Embora os EUA sejam um Estado parte de pleno direito do PIDCP, são apenas signatários do CEDAW e os votos de PICESR, um dos poucos países ao redor do mundo que não ratificou estes tratados.

Conforme artigo 12 da CEDAW :

“1. Os Estados Partes tomarão todas as medidas apropriadas para eliminar a discriminação contra as mulheres no domínio dos cuidados de saúde, a fim de garantir, numa base de igualdade entre homens e mulheres, o acesso aos serviços de saúde, incluindo os relacionados com o planeamento familiar.

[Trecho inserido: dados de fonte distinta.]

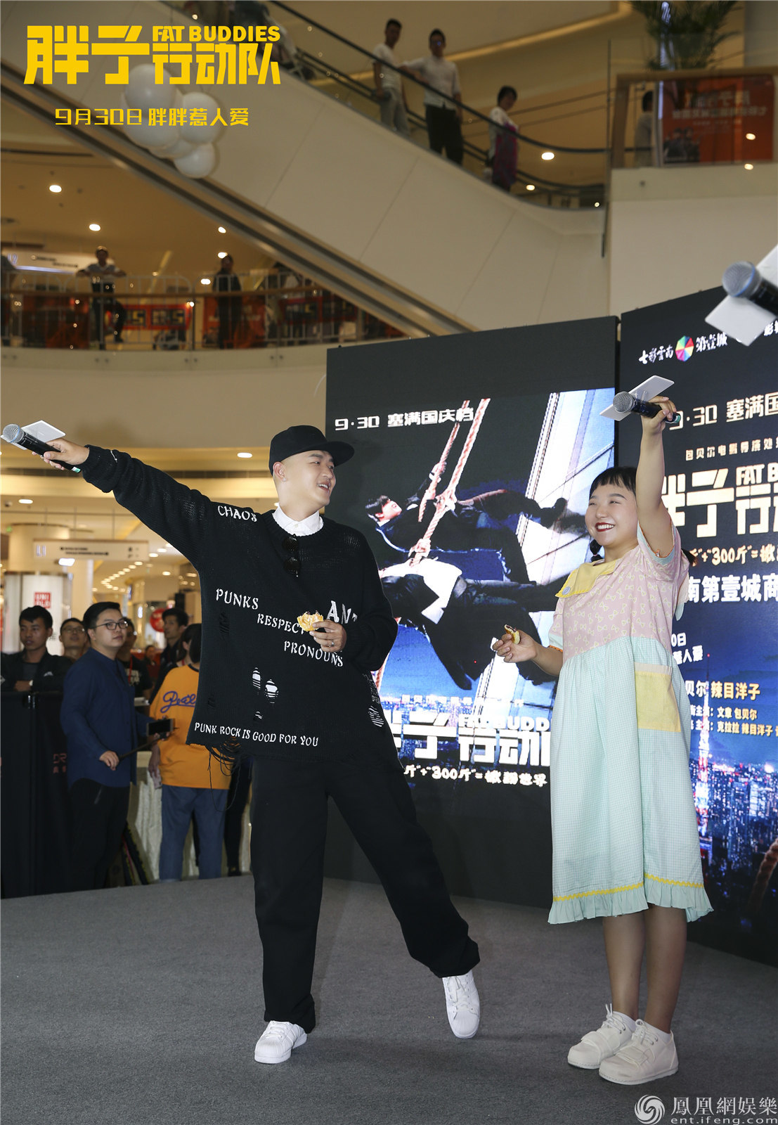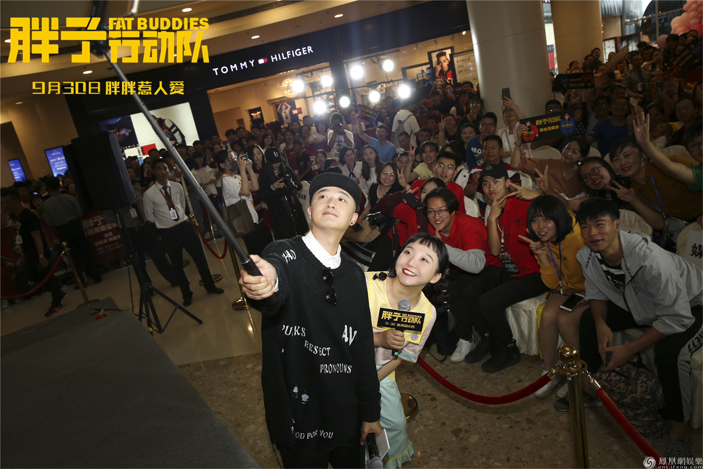 中秋佳節當天《胖子行動隊》主創包貝爾、辣目洋子來到昆明,繼續全國“最大碼”路演行程。這次兩位主創來到昆明商場,與現場觀眾分享影片鮮為人知的拍攝幕后故事。包貝爾、辣目洋子一出場,首先用影片中的角色出場方式跟觀眾打招呼,引得臺下笑聲連連?!杜肿有袆雨牎纷鳛橐徊肯矂幼饔捌悹柋硎荆?ldquo;它是一部國慶節期間再合適不過的合家歡首選。從完成成片到現在的每個月,不同的專業團隊看片測評成績比普通喜劇片分數高出20-30分。”

“2. Não obstante o disposto no parágrafo I deste artigo, os Estados Partes assegurarão às mulheres serviços adequados relacionados com a gravidez, o parto e o período pós-natal, concedendo serviços gratuitos quando necessário, bem como uma nutrição adequada durante a gravidez e a lactação.”

Além de violar as normas internacionais, a eliminação de programas como o Planned Parenthood também teria provavelmente um impacto desastroso na saúde das mulheres nos Estados Unidos, que já está perto do último lugar do mundo desenvolvido em termos de mortalidade materna.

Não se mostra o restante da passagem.